As I've mentioned before, I never hear about women having abortions anymore. We seem to have pressured and shamed a lot of them out of it, and as a result, the world of women's options gets even smaller, at least in the working class world.
And that's why this quote really pissed me off:
NOW’s obsession over abortion is, in effect, betraying a long tradition of American women’s advocacy on behalf of the wellbeing of families and the poor.
I mean, really. Those selfish women who want abortion coverage have abandoned their traditional role as saintly volunteer doormats. Correct me if I'm wrong, but that's what Theda Skocpol is saying here, right?
And I can't figure out why. I mean, I even agree with the idea that we need to pass this shitty healthcare bill and fix it later, but there's just something about this statement that makes me want to smash something in Theda's face, and in Matt Yglesias's face for agreeing with her.
Theda Skocpol is an academic, and although she's certainly had to deal with sexism, she perhaps hasn't felt the urgency of paying the rent the way the women in my part of the city do. Matt Yglesias went to the Dalton School, and then to Harvard. Whether he understands it or not, he's had a privileged life.
Not like the women in my neighborhood. One woman tells me she got pregnant in high school by her then-boyfriend, a meth addict. (Lots of meth and crack in my part of the city.) He ended up going to prison for five years, he's coming out now and she's falling apart. Because she's made a new life for herself and her kid. She has a decent job, a nice apartment and a stable environment to raise her daughter. She looks at me, eyes brimming: "He thinks he's coming out to live with me and my daughter, and I don't want him in my life. But if I don't let him move in with me, and he starts doing drugs again, I feel like it's my fault!"
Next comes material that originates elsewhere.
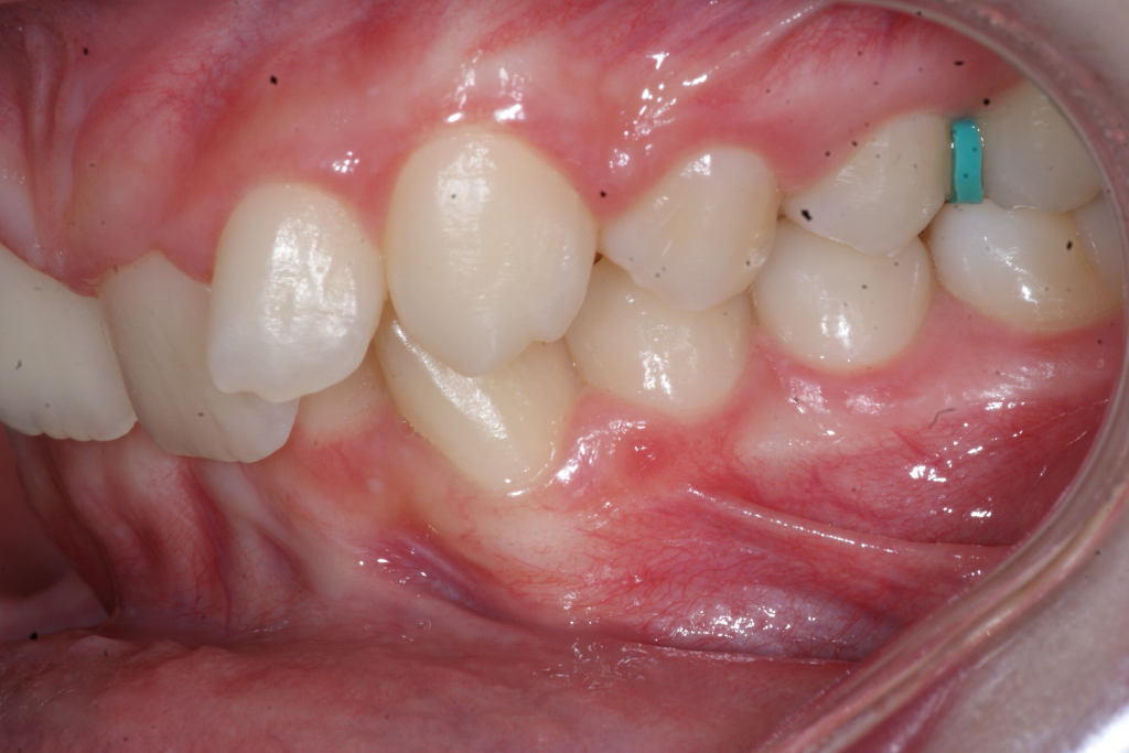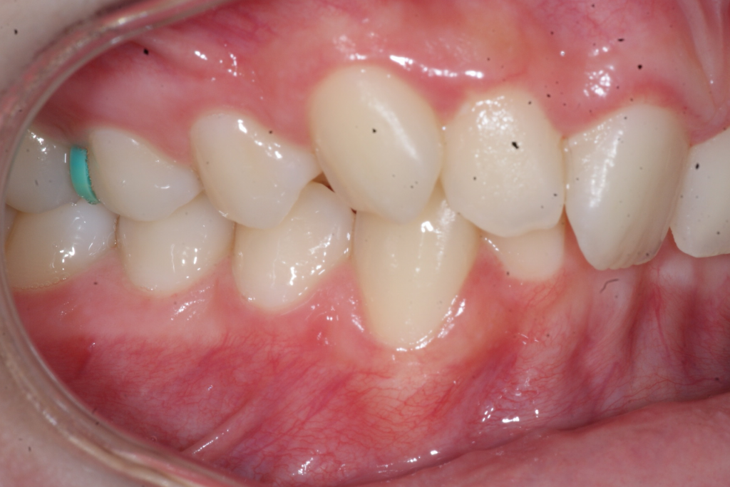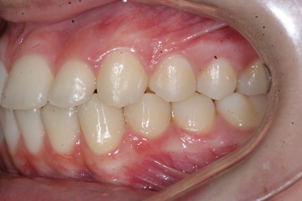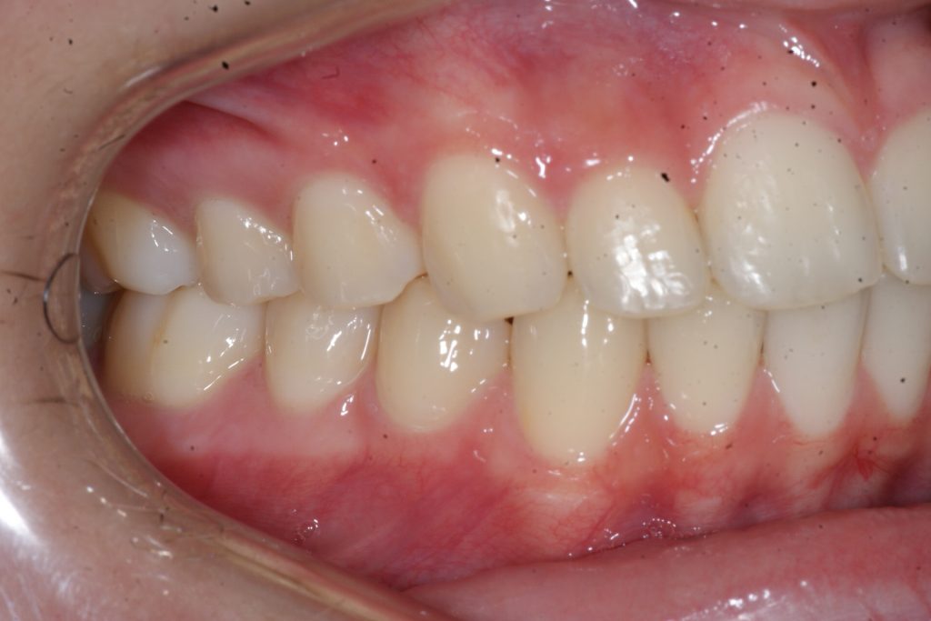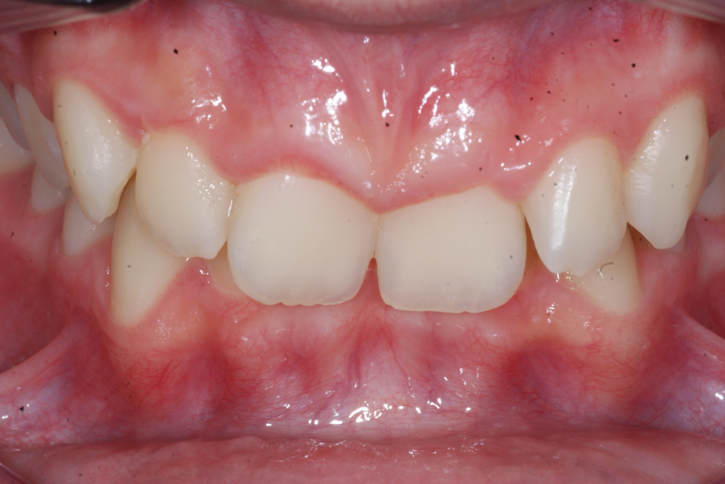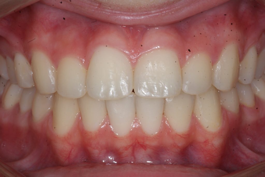 Correction d’une malocclusion de type Classe II division 2. Des appareils fixes (boîtiers) ainsi qu’une expansion palatine furent nécessaires pour améliorer ce sourire. Traitement chez une adolescente réalisé en 21 mois.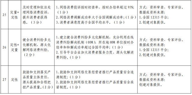 近日,市場監(jiān)管總局發(fā)布《網(wǎng)絡(luò)市場監(jiān)管與服務(wù)示范區(qū)創(chuàng)建管理辦法(試行)》及其配套評估指標(biāo)體系。評估指標(biāo)體系共設(shè)有5個一級指標(biāo)、10個二級指標(biāo)、41個三級指標(biāo),主要用于評估創(chuàng)建對象在促進(jìn)發(fā)展、規(guī)范監(jiān)管、優(yōu)化服務(wù)、探索創(chuàng)新、綜合保障等方面的工作成效。評估指標(biāo)體系合格標(biāo)準(zhǔn)為:總分≧85分,且每個一級指標(biāo)得分率≧75%。

No, honey, it's not. Women have been propping up losers for a long time and it doesn't work, I tell her. But I wonder if she's listening.
Because too many women have been trained to be saintly doormats, and here we are, listening to the privileged explain why that's such a useful tool for the liberal political establishment!
Yes, instead of having a serious discussion about how we have to balance the passage of this healthcare bill with the very real need of women to have access to abortion when their financial or emotional stability is on the line, we get a snippy lecture on duty from the academics.
And then they wonder why we're losing people to the Tea Party.